Compared to conventional fuel (gas, diesel etc.), hydrogen used for transport is still relatively small, with only a countable number of dispensaries distributed over large geographical areas in countries where HFVs have been introduced commercially [22,23]. In countries where HFVs are still being introduced, there are few to no such facilities present. In fact, several papers have established the impact of adequate refuelling stations/infrastructure on the adoption/penetration of HFVs [24,25,26,27,28,29]. This paper proposes a model to predict or ‘count’ the number of refuelling trips taken by a vehicle user considering factors such as temperature, precipitation, and day of the month (time of year). Unlike other papers that only consider the travel time to a refuelling station [16], the novelty of the proposed model is the capability to predict how many times a vehicle would travel a typical distance to fuel up within certain weather conditions for any given day in the year. The proposed model integrates complex Poisson modelling and will be implemented through an algorithm. Although various modelling methodologies such as the hidden Markov model and Monte Carlo simulations were reviewed and considered, this approach was considered the most suitable in terms of the nature of the model prediction required as counts are used as input data. Another possible model considered was the Markov model which has been used for the prediction of driver and refuelling behaviour in several studies [30]. However, this paper preferred the use of the Poisson regression model to predict future data as it allows for more complexity when compared to the Markov approach.

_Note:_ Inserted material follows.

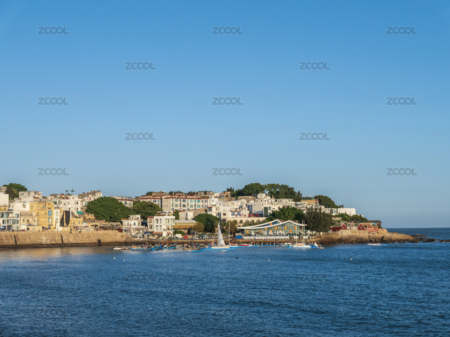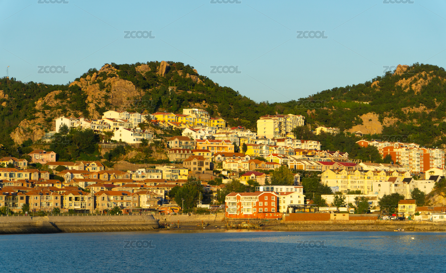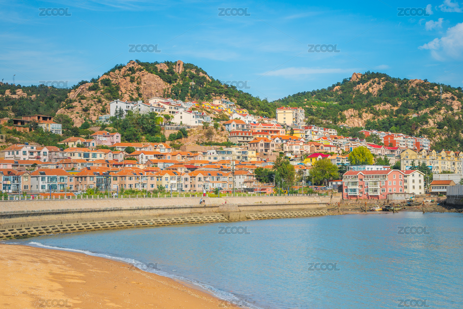 青岛沙子口广场海滨风景
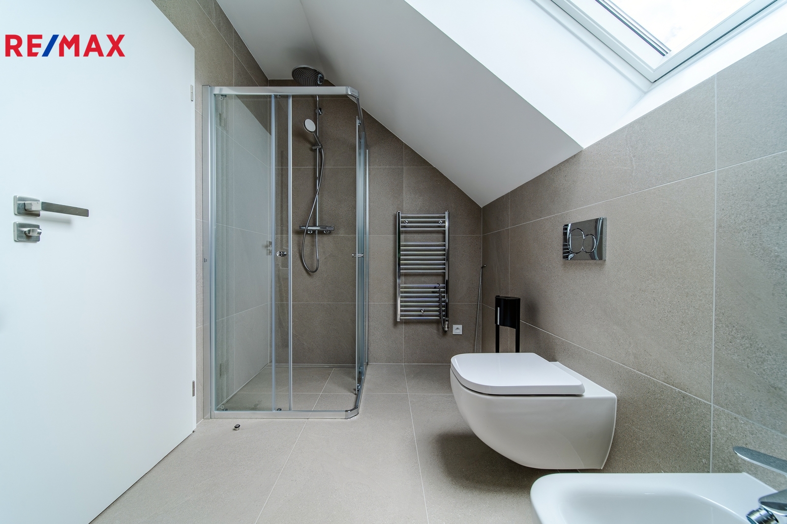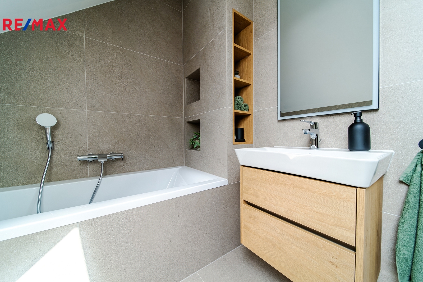 Koupelny vybavené kvalitními standardy značek Hansgrohe, Ideal Standard a Geberit.

This paper’s contributions include:

Adaption and testing of an algorithm for predicting driving trip to advise the refuelling behaviour.
Prediction of refuelling trips or trip counts considering weather patterns and day of the month.

2. Methodology

The regression model aims to predict the number of trips counts for refuelling on any given day, and in any weather condition, by using a set of regression variables from the data gathered, namely, day, day of the week, month, high temperature, low temperature, and precipitation to ‘explain’ the variance in the observed trip counts. The data set used to set up this model comes from the New York Count (NYC) open database where the count for trips by distance (only driving data/trips) in NYC county, specifically for the year 2019 is considered. Data are required to develop this model and the NYC database was used since it is readily available and vaster compared to the data available on the South African trip counts. It should be understood that, if such data become available in South Africa, then these data will be used in the prediction model and the South African situation analysed.

The methodology followed to prove the model and accuracy of the outputs obtained is detailed in Section 2.1 and Section 2.2 below.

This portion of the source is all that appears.